Data for this task →

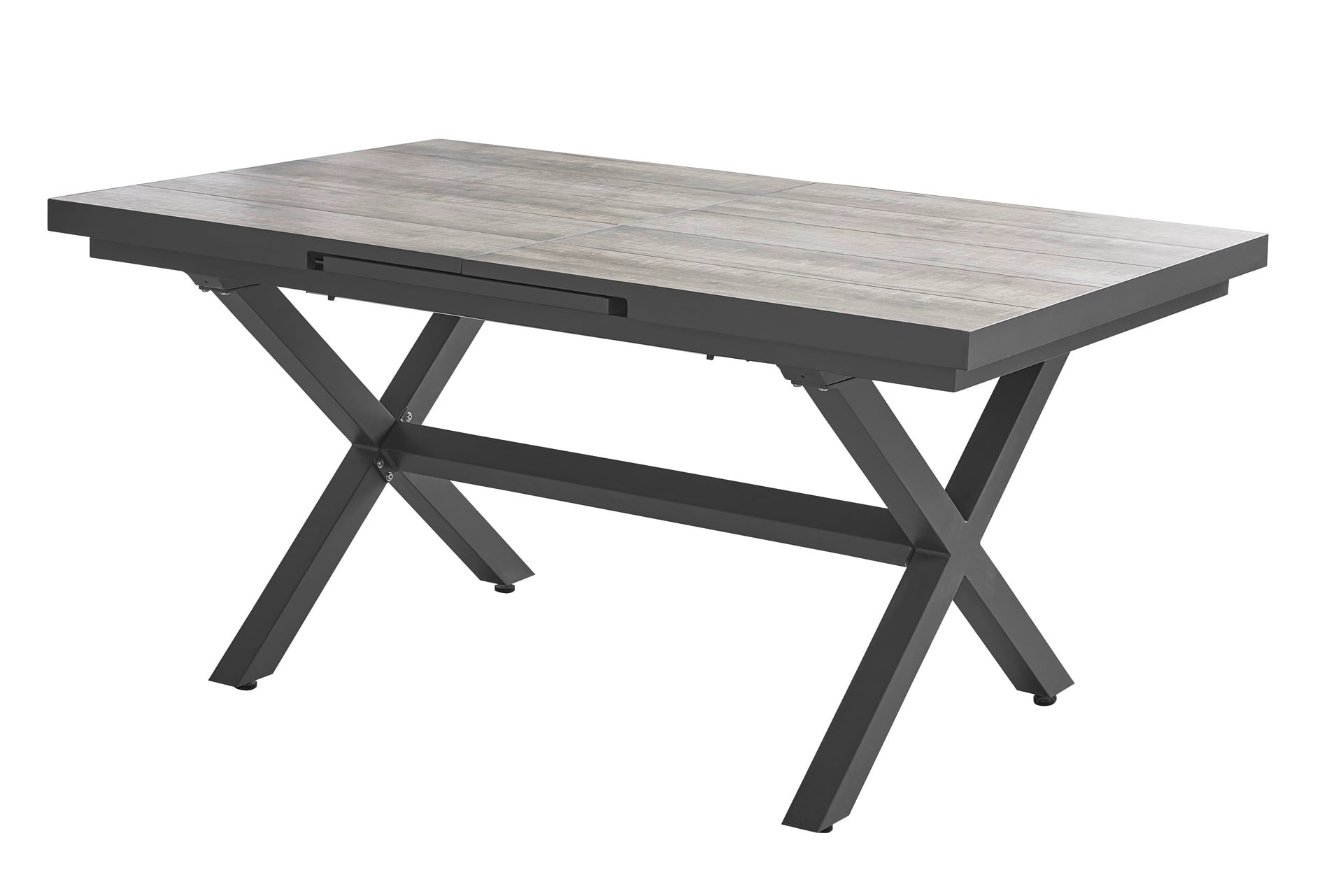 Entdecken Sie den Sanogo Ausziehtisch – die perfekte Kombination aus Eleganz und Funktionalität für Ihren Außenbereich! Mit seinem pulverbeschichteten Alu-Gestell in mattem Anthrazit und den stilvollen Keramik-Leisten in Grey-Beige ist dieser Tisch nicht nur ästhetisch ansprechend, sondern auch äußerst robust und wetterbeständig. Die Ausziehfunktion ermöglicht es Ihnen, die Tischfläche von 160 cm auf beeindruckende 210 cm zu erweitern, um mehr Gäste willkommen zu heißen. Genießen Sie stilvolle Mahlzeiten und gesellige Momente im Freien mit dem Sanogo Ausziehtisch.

...

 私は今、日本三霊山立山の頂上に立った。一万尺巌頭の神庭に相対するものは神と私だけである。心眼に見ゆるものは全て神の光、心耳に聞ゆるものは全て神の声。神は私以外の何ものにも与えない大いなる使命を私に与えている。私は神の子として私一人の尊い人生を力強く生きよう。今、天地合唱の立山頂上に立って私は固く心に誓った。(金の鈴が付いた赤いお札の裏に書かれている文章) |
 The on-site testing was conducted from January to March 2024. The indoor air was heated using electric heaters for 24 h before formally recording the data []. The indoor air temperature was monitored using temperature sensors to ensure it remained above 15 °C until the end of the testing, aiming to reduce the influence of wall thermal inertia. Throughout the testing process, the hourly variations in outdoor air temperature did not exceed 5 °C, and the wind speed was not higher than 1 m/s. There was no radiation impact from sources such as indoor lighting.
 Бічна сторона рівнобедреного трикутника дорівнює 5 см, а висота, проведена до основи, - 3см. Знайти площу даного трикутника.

Aim of the task → Scan the lines above for "The on-site testing" and for "Бічна сторона рівнобедреного". Repeat exactly the line holding each of them and every line in between.

Answer section →
 The on-site testing was conducted from January to March 2024. The indoor air was heated using electric heaters for 24 h before formally recording the data []. The indoor air temperature was monitored using temperature sensors to ensure it remained above 15 °C until the end of the testing, aiming to reduce the influence of wall thermal inertia. Throughout the testing process, the hourly variations in outdoor air temperature did not exceed 5 °C, and the wind speed was not higher than 1 m/s. There was no radiation impact from sources such as indoor lighting.
 Бічна сторона рівнобедреного трикутника дорівнює 5 см, а висота, проведена до основи, - 3см. Знайти площу даного трикутника.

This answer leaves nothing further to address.